[Data items]
*** Block opens ***

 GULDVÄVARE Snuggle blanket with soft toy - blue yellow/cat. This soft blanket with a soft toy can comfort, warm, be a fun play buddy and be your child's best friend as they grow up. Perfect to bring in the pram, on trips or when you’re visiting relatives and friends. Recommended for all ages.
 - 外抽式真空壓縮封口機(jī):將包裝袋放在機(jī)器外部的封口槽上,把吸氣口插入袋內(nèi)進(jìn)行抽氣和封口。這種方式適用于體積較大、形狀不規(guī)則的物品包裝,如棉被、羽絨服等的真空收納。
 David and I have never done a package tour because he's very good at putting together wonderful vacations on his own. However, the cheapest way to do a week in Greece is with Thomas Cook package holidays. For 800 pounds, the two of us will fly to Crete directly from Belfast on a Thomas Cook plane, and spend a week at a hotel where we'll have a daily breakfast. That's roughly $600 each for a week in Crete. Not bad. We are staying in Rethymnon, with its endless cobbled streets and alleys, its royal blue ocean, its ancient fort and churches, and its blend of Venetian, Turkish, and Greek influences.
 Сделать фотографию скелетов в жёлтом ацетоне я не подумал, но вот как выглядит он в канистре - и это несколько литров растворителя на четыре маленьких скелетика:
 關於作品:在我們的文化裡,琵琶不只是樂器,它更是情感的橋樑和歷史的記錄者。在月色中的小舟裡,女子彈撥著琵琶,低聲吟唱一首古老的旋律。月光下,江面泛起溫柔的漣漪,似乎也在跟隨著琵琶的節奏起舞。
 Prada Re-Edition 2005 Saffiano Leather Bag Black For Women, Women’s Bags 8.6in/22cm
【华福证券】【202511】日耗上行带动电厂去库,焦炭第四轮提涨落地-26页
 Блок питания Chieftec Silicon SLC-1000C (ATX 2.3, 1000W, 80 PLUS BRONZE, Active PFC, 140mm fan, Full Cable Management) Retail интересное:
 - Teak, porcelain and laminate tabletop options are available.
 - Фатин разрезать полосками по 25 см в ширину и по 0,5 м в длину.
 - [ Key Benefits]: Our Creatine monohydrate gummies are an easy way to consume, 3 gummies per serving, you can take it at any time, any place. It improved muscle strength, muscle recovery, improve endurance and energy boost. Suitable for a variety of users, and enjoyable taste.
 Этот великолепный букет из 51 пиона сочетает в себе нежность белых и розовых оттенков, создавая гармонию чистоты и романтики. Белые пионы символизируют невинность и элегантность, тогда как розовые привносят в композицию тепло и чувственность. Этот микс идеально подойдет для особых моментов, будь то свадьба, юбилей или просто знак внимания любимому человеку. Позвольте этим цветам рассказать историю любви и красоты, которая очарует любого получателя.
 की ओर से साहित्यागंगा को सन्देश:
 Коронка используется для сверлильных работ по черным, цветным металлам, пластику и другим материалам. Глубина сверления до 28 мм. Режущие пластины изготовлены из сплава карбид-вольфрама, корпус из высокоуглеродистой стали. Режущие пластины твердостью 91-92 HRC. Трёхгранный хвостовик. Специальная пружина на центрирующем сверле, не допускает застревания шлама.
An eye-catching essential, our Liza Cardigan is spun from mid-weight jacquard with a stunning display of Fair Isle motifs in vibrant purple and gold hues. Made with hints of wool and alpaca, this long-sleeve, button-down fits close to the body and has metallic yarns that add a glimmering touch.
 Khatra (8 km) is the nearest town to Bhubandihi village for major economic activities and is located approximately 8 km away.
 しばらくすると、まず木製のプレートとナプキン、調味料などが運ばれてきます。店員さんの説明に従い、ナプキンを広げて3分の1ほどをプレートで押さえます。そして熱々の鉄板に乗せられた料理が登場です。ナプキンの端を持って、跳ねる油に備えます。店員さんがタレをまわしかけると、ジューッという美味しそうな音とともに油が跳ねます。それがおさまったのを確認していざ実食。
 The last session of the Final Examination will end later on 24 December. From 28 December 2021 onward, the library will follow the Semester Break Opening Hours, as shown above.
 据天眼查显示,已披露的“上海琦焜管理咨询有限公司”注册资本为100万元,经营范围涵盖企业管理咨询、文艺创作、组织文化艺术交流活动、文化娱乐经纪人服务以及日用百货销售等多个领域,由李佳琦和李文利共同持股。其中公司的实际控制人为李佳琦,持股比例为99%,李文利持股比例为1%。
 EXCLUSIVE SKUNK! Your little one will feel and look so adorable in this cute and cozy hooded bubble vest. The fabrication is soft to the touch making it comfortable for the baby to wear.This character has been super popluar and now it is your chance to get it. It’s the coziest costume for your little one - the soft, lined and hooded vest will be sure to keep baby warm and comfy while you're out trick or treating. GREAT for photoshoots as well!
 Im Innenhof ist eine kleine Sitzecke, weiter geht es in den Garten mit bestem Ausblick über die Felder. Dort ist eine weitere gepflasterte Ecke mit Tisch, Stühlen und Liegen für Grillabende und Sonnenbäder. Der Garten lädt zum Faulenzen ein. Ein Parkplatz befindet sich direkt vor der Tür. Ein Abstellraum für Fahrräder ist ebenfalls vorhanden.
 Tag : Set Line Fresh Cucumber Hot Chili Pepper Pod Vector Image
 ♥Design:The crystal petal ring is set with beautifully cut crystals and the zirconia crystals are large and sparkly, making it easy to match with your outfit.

*** Block closes ***

Starting at the line that contains "Блок питания Chieftec" and stopping after the line that contains "Коронка используется для", write out every line exactly as it appears above, and no other line.

 Блок питания Chieftec Silicon SLC-1000C (ATX 2.3, 1000W, 80 PLUS BRONZE, Active PFC, 140mm fan, Full Cable Management) Retail интересное:
 - Teak, porcelain and laminate tabletop options are available.
 - Фатин разрезать полосками по 25 см в ширину и по 0,5 м в длину.
 - [ Key Benefits]: Our Creatine monohydrate gummies are an easy way to consume, 3 gummies per serving, you can take it at any time, any place. It improved muscle strength, muscle recovery, improve endurance and energy boost. Suitable for a variety of users, and enjoyable taste.
 Этот великолепный букет из 51 пиона сочетает в себе нежность белых и розовых оттенков, создавая гармонию чистоты и романтики. Белые пионы символизируют невинность и элегантность, тогда как розовые привносят в композицию тепло и чувственность. Этот микс идеально подойдет для особых моментов, будь то свадьба, юбилей или просто знак внимания любимому человеку. Позвольте этим цветам рассказать историю любви и красоты, которая очарует любого получателя.
 की ओर से साहित्यागंगा को सन्देश:
 Коронка используется для сверлильных работ по черным, цветным металлам, пластику и другим материалам. Глубина сверления до 28 мм. Режущие пластины изготовлены из сплава карбид-вольфрама, корпус из высокоуглеродистой стали. Режущие пластины твердостью 91-92 HRC. Трёхгранный хвостовик. Специальная пружина на центрирующем сверле, не допускает застревания шлама.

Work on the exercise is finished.